THE DATA Block Start

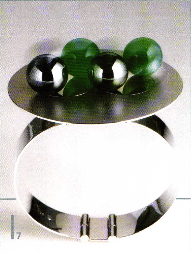 Bracelet, 1987. Stainless steel, synthetic white and synthetic blue spinel. Kunstgewerbemuseum (Arts-and-Crafts Museum) SMPK, Berlin
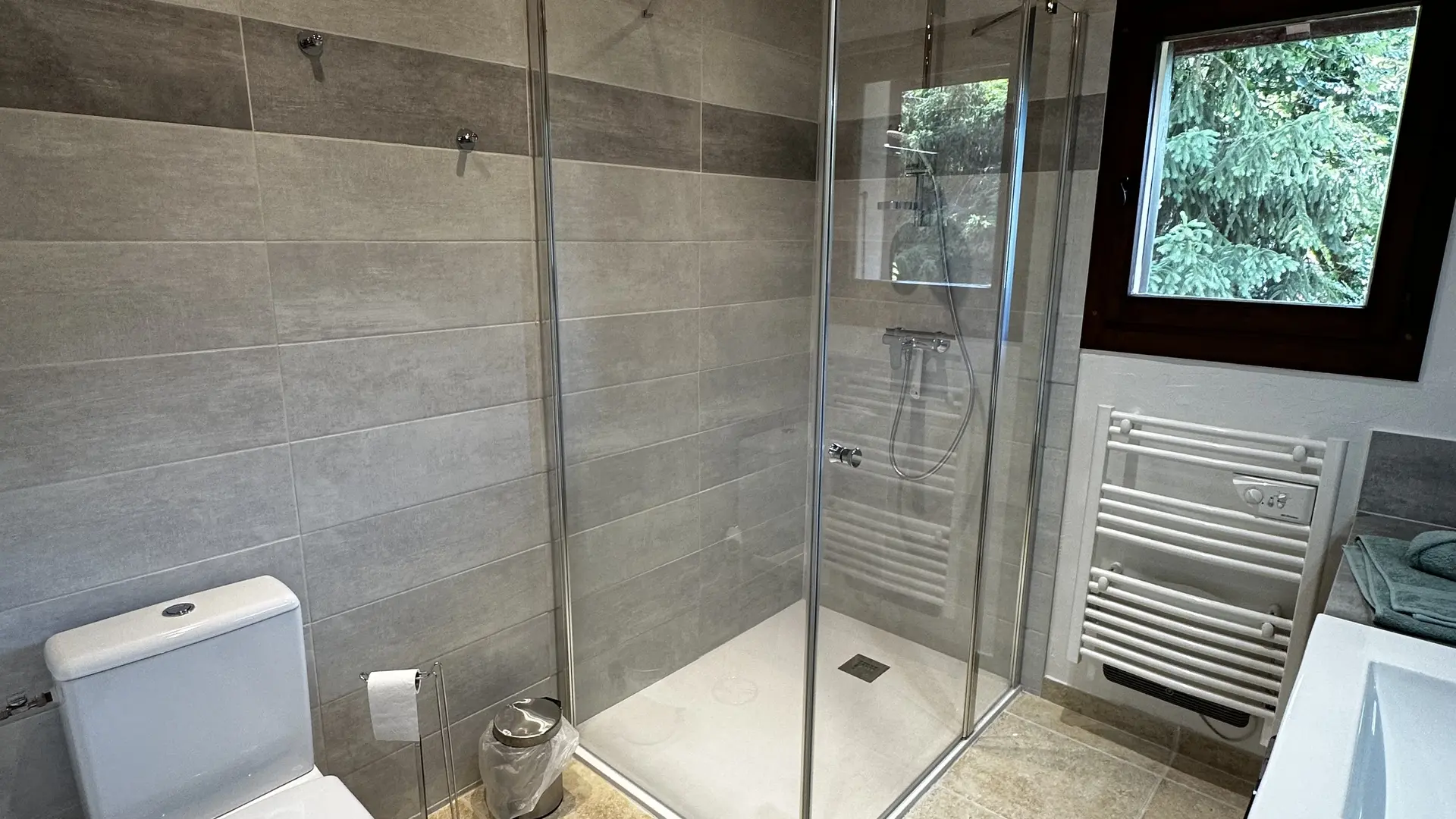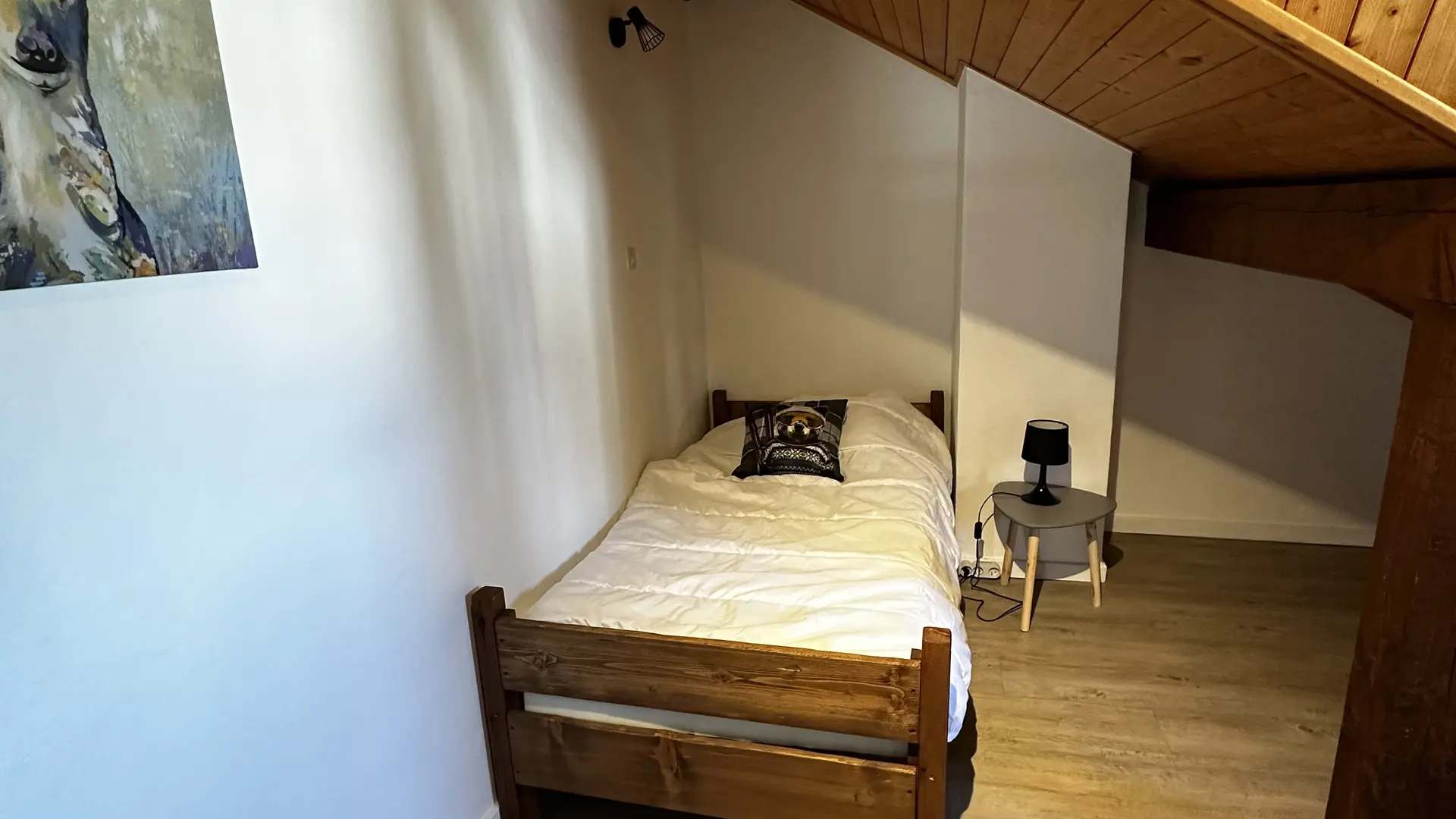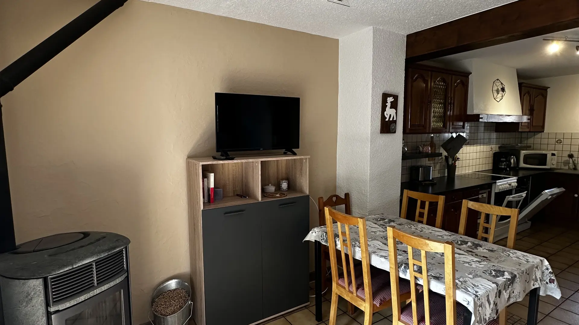 - in de woonkamer geniet je van de warmte van een pelletkachel naast de elektrische verwarming, en een tv-scherm
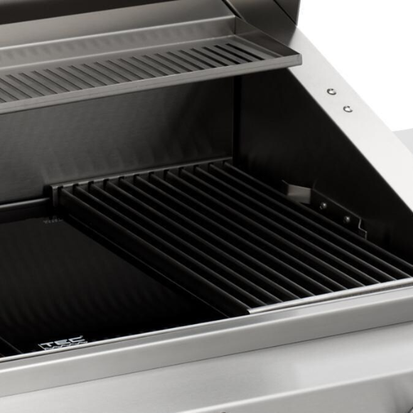 Newly improved from TEC, the Sterling Patio FR series of grills is better than ever! Featuring an innovative grilling system capable of cooking from a searing hot 900 degrees Fahrenheit, down to a low 200 degrees, great for low-heat smoking, searing, and everything in between. The TEC Sterling Patio FR 44-inch propane gas grill cooks with 100 percent infrared energy with no hot or cold spots, eliminating hot air and reducing moisture loss in food by up to 35 percent. Two fuel efficient 30,000 BTU burners use less fuel than other grills, saving you money on gas. Convenient electronic ignition supplies a reliable spark to ignite the burners safely. TEC uses a patented flare-proof stainless steel infrared burner system combined with a radiant glass emitter panel, resulting in tender, juicy, charbroil flavored food. The position of the stainless steel cooking grates, radiant glass panels, and infrared burners creates even heat distribution across the cooking surface and virtually eliminates flare-ups. The 592 square inch cooking surface is covered by unique, U-shaped cooking grates which heat very quickly, delivering restaurant-style sear marks on your food. A stainless steel heat zone separator sits between the burners, which allows you to cook food simultaneously using different temperatures. The separator prevents heat from spilling over to the other side, allowing you to cook using indirect heat. TEC Sterling Patio grills are capable of heating up to 900 degrees in 10 minutes with the hood closed, making long preheating times are a thing of the past. The need for a side burner is also eliminated because you can place your pots or pans on the cooking grids or radiant panels to heat and cook like on an indoor cooktop. Enjoy quick and easy cleanup, with a self-cleaning cooking surface that incinerates food and debris in 10-15 minutes while the grill is on high. Handcrafted in America, this 44-inch built-in grill features a sleek, contoured double-lined hood and thick gauge, 304 grade stainless steel with red metal control knobs. All TEC grills are CSA certified.

THE DATA Block End

◆ **ASSIGNED TASK**
When you copy the listing, keep every line exactly as it is but leave out all images.

◆ **EXPECTED ANSWER**
 Bracelet, 1987. Stainless steel, synthetic white and synthetic blue spinel. Kunstgewerbemuseum (Arts-and-Crafts Museum) SMPK, Berlin
 - in de woonkamer geniet je van de warmte van een pelletkachel naast de elektrische verwarming, en een tv-scherm
 Newly improved from TEC, the Sterling Patio FR series of grills is better than ever! Featuring an innovative grilling system capable of cooking from a searing hot 900 degrees Fahrenheit, down to a low 200 degrees, great for low-heat smoking, searing, and everything in between. The TEC Sterling Patio FR 44-inch propane gas grill cooks with 100 percent infrared energy with no hot or cold spots, eliminating hot air and reducing moisture loss in food by up to 35 percent. Two fuel efficient 30,000 BTU burners use less fuel than other grills, saving you money on gas. Convenient electronic ignition supplies a reliable spark to ignite the burners safely. TEC uses a patented flare-proof stainless steel infrared burner system combined with a radiant glass emitter panel, resulting in tender, juicy, charbroil flavored food. The position of the stainless steel cooking grates, radiant glass panels, and infrared burners creates even heat distribution across the cooking surface and virtually eliminates flare-ups. The 592 square inch cooking surface is covered by unique, U-shaped cooking grates which heat very quickly, delivering restaurant-style sear marks on your food. A stainless steel heat zone separator sits between the burners, which allows you to cook food simultaneously using different temperatures. The separator prevents heat from spilling over to the other side, allowing you to cook using indirect heat. TEC Sterling Patio grills are capable of heating up to 900 degrees in 10 minutes with the hood closed, making long preheating times are a thing of the past. The need for a side burner is also eliminated because you can place your pots or pans on the cooking grids or radiant panels to heat and cook like on an indoor cooktop. Enjoy quick and easy cleanup, with a self-cleaning cooking surface that incinerates food and debris in 10-15 minutes while the grill is on high. Handcrafted in America, this 44-inch built-in grill features a sleek, contoured double-lined hood and thick gauge, 304 grade stainless steel with red metal control knobs. All TEC grills are CSA certified.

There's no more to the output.